▶ Directions: Below are records to repeat exactly. Omit the pictures from the copy.

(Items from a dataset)

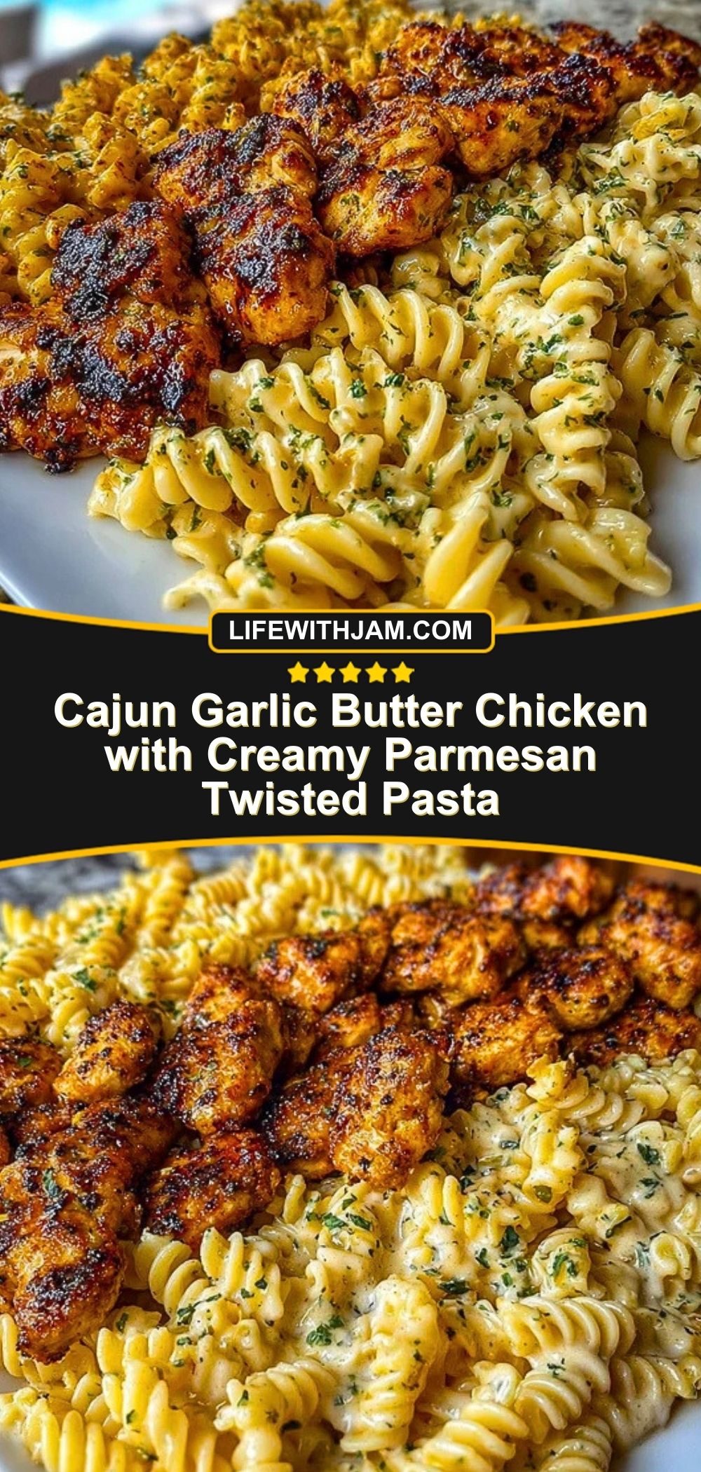 Cajun Garlic Butter Chicken with Creamy Parmesan Twisted Pasta
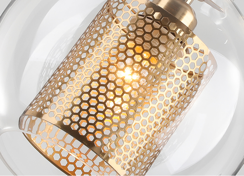 Bring a touch of modern elegance to your home with this beautiful pendant light. Featuring a stunning honeycomb interior design, this gorgeous light offers a unique and sophisticated look that will impress any guest. The transparent glass shade adds an extra layer of beauty, allowing the light to shine through in a warm and inviting way. With a range of styles to choose from, you're sure to find the perfect pendant light to complement any room in your home. Upgrade your lighting game and add a touch of class to your living space with one of these unique honeycomb gold bulb pendant lights.
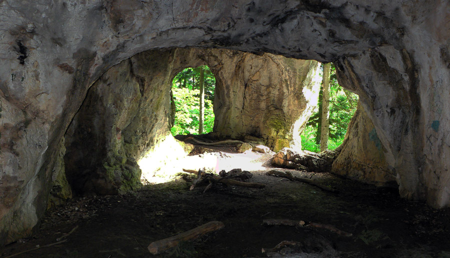 Rútim sa dolu kopcom z Panského Dielu, hlboko podo mnou sídlisko Sásová - Rudlová. Míňam strojovňu vleku a o chvíľu sa chodník ponorí do lesa. Najprv vedie po východnom svahu zalesneného Hrádku. Keď sa prehupne na západný svah a vyjde na malú, zarastajúcu lúku, treba si po pár metroch dobre všimnúť nenápadnú, ale od roku 2012 už oficiálne označenú odbočku prudko doprava, po vrstevnici. Tá po pár sto metroch prichádza nad zráz nad dvojicou jaskýň. Kaplnka je vyššia, Netopieria hlbšia (44m) a krajšie vyzdobená (aj visiacimi netopiermi). Pred tou druhou je aj tabuľka s nákresom jej pôdorysu: z hlavnej chodby, zakončenej Galériou a Kancľom, sa odpája kratšia Partizánska sieň. Bralo s jaskyňami je prírodnou pamiatkou, ale od roku 2008 s povoleným vstupom. Jaskyne majú bohatú a archeológmi doloženú minulosť, už v praveku sa tu žúrovalo. Našli sa tu pozostatky keramiky zo 4. storočia, bronzové nástroje lužickej kultúry spred 3000 rokov aj zvyšky ľudských obetí. Nálezy z mladšej a neskorej doby bronzovej súvisia s hradiskom, ktoré stálo na Hrádku. Podľa bordelu naokolo sú jaskyne aj dnes miestom opiášov a zvyšky jedla samozrejme lákajú všelijakú „dzivú zver“, takže pozor! V zime je na dne oboch jaskýň bohatá ľadovo-stalagmitová výzdoba. Po prieskume sa odtiaľto netreba vracať nazad na značku, ale neodporúčam. Nenápadný chodník vedie síce od jaskýň aj smerom dolu - do Sásovskej doliny, ale cez zaváľané rúbane, žihľavu a lopúchy. Napája sa na traverz, ktorý z horného konca doliny (z asfaltky) vedie lesom popod jaskyne na lúky nad Sásovou a tam sa napája na modrú turistickú značku. Presne na tú, ktorú som pri zostupe z Panského Dielu opustil smerom k jaskyniam.
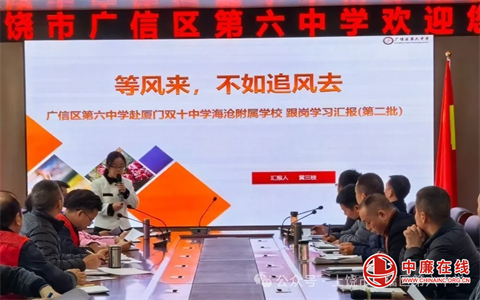等风来,不如追风去,本着“学习、分享、交流、成长”的理念,为进一步发挥厦门海沧跟岗学习(第二批)教师的辐射作用,达到共同学习的目的,12月2日,江西省上饶市广信区第六中学组织了外出学习系列汇报活动。学习归来的老师们将自己本次外出学习的所见、所思、所悟、所得在分享报告会上进行了精彩的汇报。
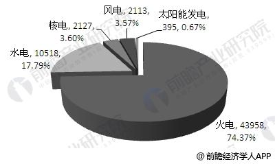 就發(fā)電結(jié)構(gòu)來(lái)看,2016年,水電發(fā)電量10518億千瓦時(shí),占全國(guó)發(fā)電量的17.8%;火電發(fā)電量43958億千瓦時(shí),占全國(guó)發(fā)電量的74.37%;核電、風(fēng)電和太陽(yáng)能發(fā)電量分別為2127億千瓦時(shí)、2113億千瓦時(shí)和395億千瓦時(shí),比重分別為3.60%、3.57%和0.67%。
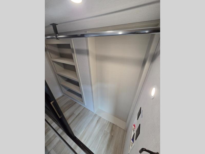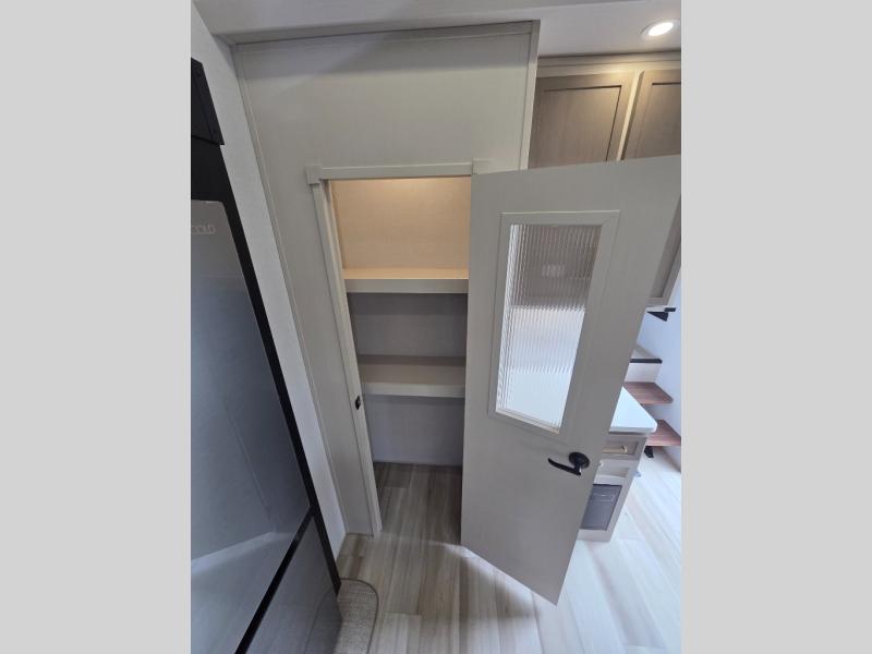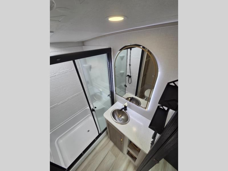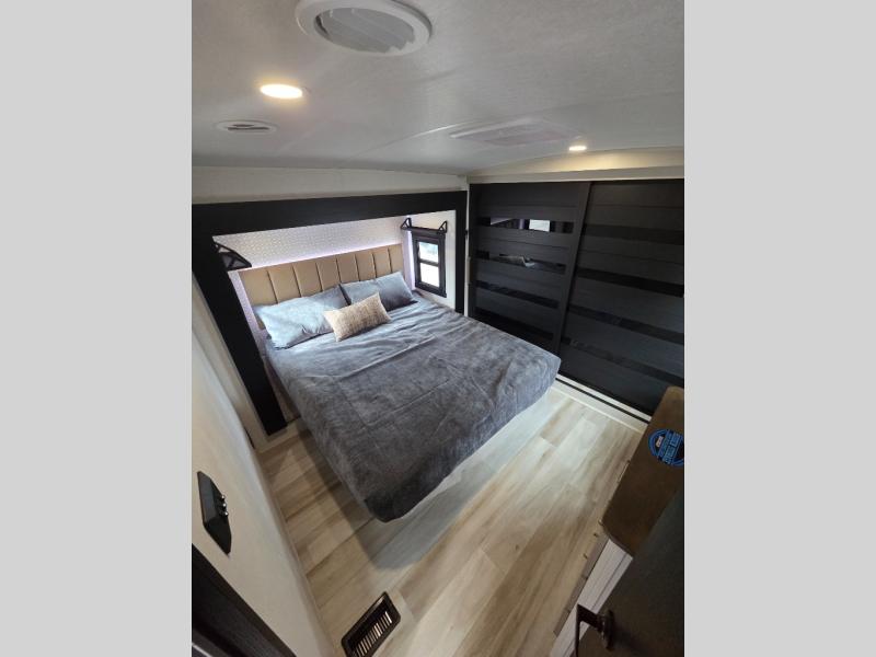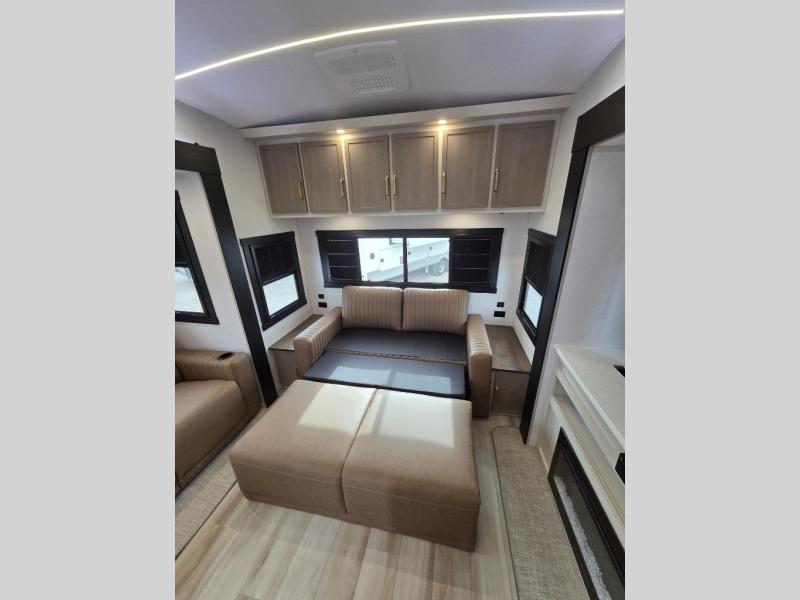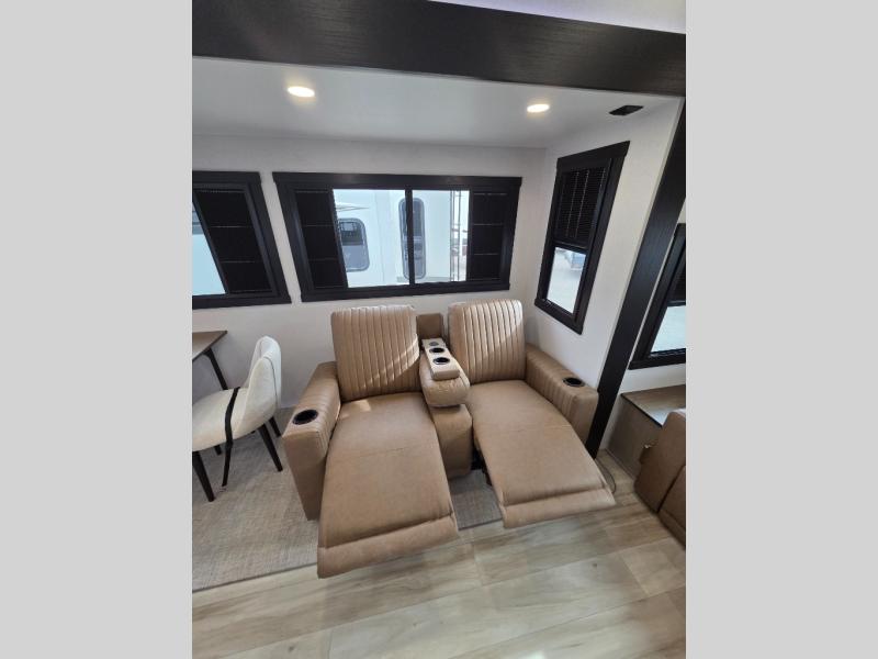 Each camping trip in this fifth wheel will be spent in comfort thanks to the spacious living areas and added amenities. Once you arrive at your favorite campground, you can set up the two awnings, grab your camp chairs from the XL Texas-size pass-through, and relax with a cold drink. If you'd rather kick your feet up inside, the theater seating across from the pop-up TV and fireplace will also bring lots of comfort! A rear tri-fold sofa will allow you to invite two overnight guests along, and the table and chairs provide a place to dine at each morning. You'll feel right at home with a spacious bathroom that includes a residential-style walk-in shower with a skylight, and a front private bedroom. There is a custom king bed with Versa-Tilt here, along with a dresser with a bench beside it, and a walk-in closet with shelves and washer/dryer prep if you plan to go full-time!
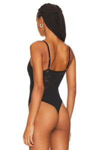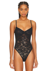 - Self: 37% nylon 34% spandex 29% recycled nylon Contrast Fabric 1: 95% silk 5% spandex Contrast Fabric 2: 100% cotton - Made in Myanmar - Hand wash - Gusset snap button closure with thong back - Unpadded underwire bra - Adjustable satin shoulder straps - Lace fabric - Revolve Style No. FLER-WS74 - Manufacturer Style No. BS0394

▶ Answer section:
 Cajun Garlic Butter Chicken with Creamy Parmesan Twisted Pasta
 Bring a touch of modern elegance to your home with this beautiful pendant light. Featuring a stunning honeycomb interior design, this gorgeous light offers a unique and sophisticated look that will impress any guest. The transparent glass shade adds an extra layer of beauty, allowing the light to shine through in a warm and inviting way. With a range of styles to choose from, you're sure to find the perfect pendant light to complement any room in your home. Upgrade your lighting game and add a touch of class to your living space with one of these unique honeycomb gold bulb pendant lights.
 Rútim sa dolu kopcom z Panského Dielu, hlboko podo mnou sídlisko Sásová - Rudlová. Míňam strojovňu vleku a o chvíľu sa chodník ponorí do lesa. Najprv vedie po východnom svahu zalesneného Hrádku. Keď sa prehupne na západný svah a vyjde na malú, zarastajúcu lúku, treba si po pár metroch dobre všimnúť nenápadnú, ale od roku 2012 už oficiálne označenú odbočku prudko doprava, po vrstevnici. Tá po pár sto metroch prichádza nad zráz nad dvojicou jaskýň. Kaplnka je vyššia, Netopieria hlbšia (44m) a krajšie vyzdobená (aj visiacimi netopiermi). Pred tou druhou je aj tabuľka s nákresom jej pôdorysu: z hlavnej chodby, zakončenej Galériou a Kancľom, sa odpája kratšia Partizánska sieň. Bralo s jaskyňami je prírodnou pamiatkou, ale od roku 2008 s povoleným vstupom. Jaskyne majú bohatú a archeológmi doloženú minulosť, už v praveku sa tu žúrovalo. Našli sa tu pozostatky keramiky zo 4. storočia, bronzové nástroje lužickej kultúry spred 3000 rokov aj zvyšky ľudských obetí. Nálezy z mladšej a neskorej doby bronzovej súvisia s hradiskom, ktoré stálo na Hrádku. Podľa bordelu naokolo sú jaskyne aj dnes miestom opiášov a zvyšky jedla samozrejme lákajú všelijakú „dzivú zver“, takže pozor! V zime je na dne oboch jaskýň bohatá ľadovo-stalagmitová výzdoba. Po prieskume sa odtiaľto netreba vracať nazad na značku, ale neodporúčam. Nenápadný chodník vedie síce od jaskýň aj smerom dolu - do Sásovskej doliny, ale cez zaváľané rúbane, žihľavu a lopúchy. Napája sa na traverz, ktorý z horného konca doliny (z asfaltky) vedie lesom popod jaskyne na lúky nad Sásovou a tam sa napája na modrú turistickú značku. Presne na tú, ktorú som pri zostupe z Panského Dielu opustil smerom k jaskyniam.
等风来,不如追风去,本着“学习、分享、交流、成长”的理念,为进一步发挥厦门海沧跟岗学习(第二批)教师的辐射作用,达到共同学习的目的,12月2日,江西省上饶市广信区第六中学组织了外出学习系列汇报活动。学习归来的老师们将自己本次外出学习的所见、所思、所悟、所得在分享报告会上进行了精彩的汇报。
 就發(fā)電結(jié)構(gòu)來(lái)看,2016年,水電發(fā)電量10518億千瓦時(shí),占全國(guó)發(fā)電量的17.8%;火電發(fā)電量43958億千瓦時(shí),占全國(guó)發(fā)電量的74.37%;核電、風(fēng)電和太陽(yáng)能發(fā)電量分別為2127億千瓦時(shí)、2113億千瓦時(shí)和395億千瓦時(shí),比重分別為3.60%、3.57%和0.67%。
 Each camping trip in this fifth wheel will be spent in comfort thanks to the spacious living areas and added amenities. Once you arrive at your favorite campground, you can set up the two awnings, grab your camp chairs from the XL Texas-size pass-through, and relax with a cold drink. If you'd rather kick your feet up inside, the theater seating across from the pop-up TV and fireplace will also bring lots of comfort! A rear tri-fold sofa will allow you to invite two overnight guests along, and the table and chairs provide a place to dine at each morning. You'll feel right at home with a spacious bathroom that includes a residential-style walk-in shower with a skylight, and a front private bedroom. There is a custom king bed with Versa-Tilt here, along with a dresser with a bench beside it, and a walk-in closet with shelves and washer/dryer prep if you plan to go full-time!
 - Self: 37% nylon 34% spandex 29% recycled nylon Contrast Fabric 1: 95% silk 5% spandex Contrast Fabric 2: 100% cotton - Made in Myanmar - Hand wash - Gusset snap button closure with thong back - Unpadded underwire bra - Adjustable satin shoulder straps - Lace fabric - Revolve Style No. FLER-WS74 - Manufacturer Style No. BS0394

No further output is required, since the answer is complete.